In the above equation, the amplitudes are unknown, while the phases are zero. Using the proposed RLS parameter estimation method to estimate parameters \(a_1\), \(a_2\), \(a_3\) and \(a_4\), the parameter estimates and their estimation errors \(\delta :=\Vert \hat{{\varvec{\theta }}}(k)-{\varvec{\theta }}\Vert /\Vert {\varvec{\theta }}\Vert \) are displayed in Table 3. The parameter estimation errors versus k are shown in Fig. 6.

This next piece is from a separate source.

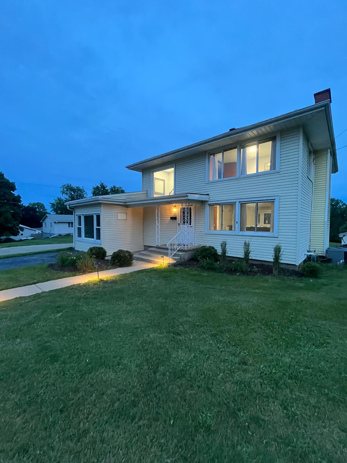 Lovely Farmhouse Style 2 bedroom home located across from park. Newly decorated with fully equipped country style kitchen. The master bedroom has adjustable queen size bed while second bedroom has 2 twin beds. The house is great for a family, two couples or a girls weekend to Historic Bishop Hill or destinations Psycho Silo, Goods Furniture or Horse shoes at Blackhawk College East.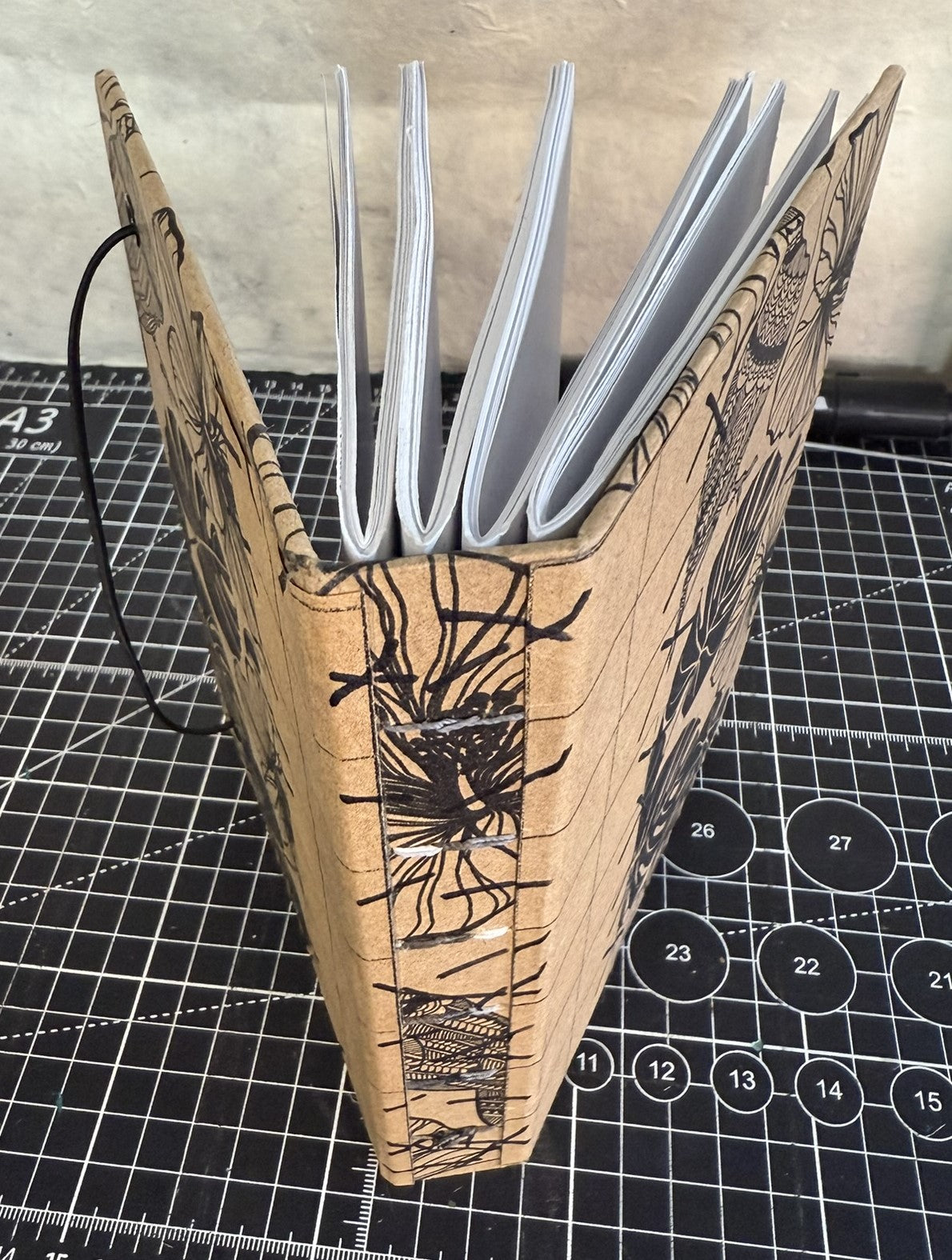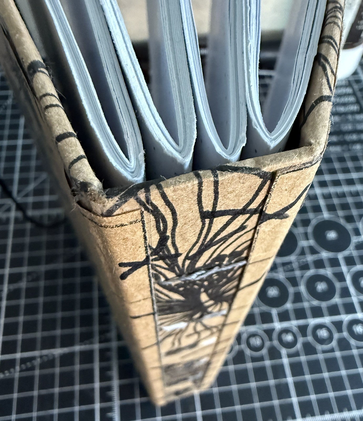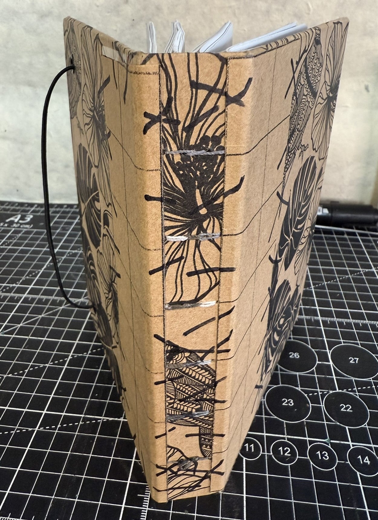 Binding: Hand-stitched link stitch with gradient white-to-black waxed thread

Choosing the estimated parameters with \(k=2000\) and \(\sigma ^2=0.20^2\), we obtain the following function

$$\begin{aligned} f(t)=2.54441\sin 3t+0.84968\sin 9t+0.51463\sin 15t+0.36396\sin 21t. \end{aligned}$$

The estimated square wave and the original square wave are shown in Fig. 7.

Fig. 5
figure 5

The square signal wave

Table 3 The RLS parameter estimates and the estimation errors for the square wave
Fig. 6
figure 6

The RLS estimation error \(\delta \) versus k of Example 2

Fig. 7
figure 7

The RLS square wave fitting curves of Example 2

From the simulation results, we can draw the following conclusions.

  1. 1.

    Table 1 and Fig. 1 show that the parameter estimates obtained by the MISG method become more accurate with the increasing in the innovation length p.

  2. 2.

    When \(p=1\), the MISG method degenerates into the SG method. From the last column in Table 1, it can be seen that the MISG method has higher accuracy than the SG method.

  3. 3.

    The parameter estimation errors given by the RLS algorithm become smaller with the increasing in k—see Figs. 3 and 6. The parameter estimation accuracy is related to the noise variance. The larger the noise variance is, the lower the parameter estimation accuracy is.

  4. 4.

    The fitting curve given by the RLS method is more closed to the actual signal curve than the fitting curve given by the MISG method—see Figs. 3 and 4. This means that the RLS algorithm has more effectiveness than the MISG method.

6 Conclusion

This paper considers the parameter estimation problems of the periodic signals based on the combination sine signals. According to the gradient searching, the SG parameter estimation algorithm for the combination sine signal is derived. On the basis of the SG algorithm, the MISG parameter estimation method is proposed for improving the estimation accuracy. Furthermore, the RLS parameter estimation algorithm is derived for enhancing the estimation accuracy by the function expansion. The simulation results show that the MISG algorithm and the RLS method can estimate the signal parameters. Because the RLS algorithm is derived by means of the linear optimization while the MISG method is deduced by means of the nonlinear optimization principle, the RLS algorithm has higher accuracy and stabilization than the MISG method. The method used in this paper can be extended to analyze the convergence of the identification algorithms for linear or nonlinear control systems [6, 20, 21] and applied to hybrid switching-impulsive dynamical networks [18] and uncertain chaotic delayed nonlinear systems [17] or applied to other fields [4, 33, 34].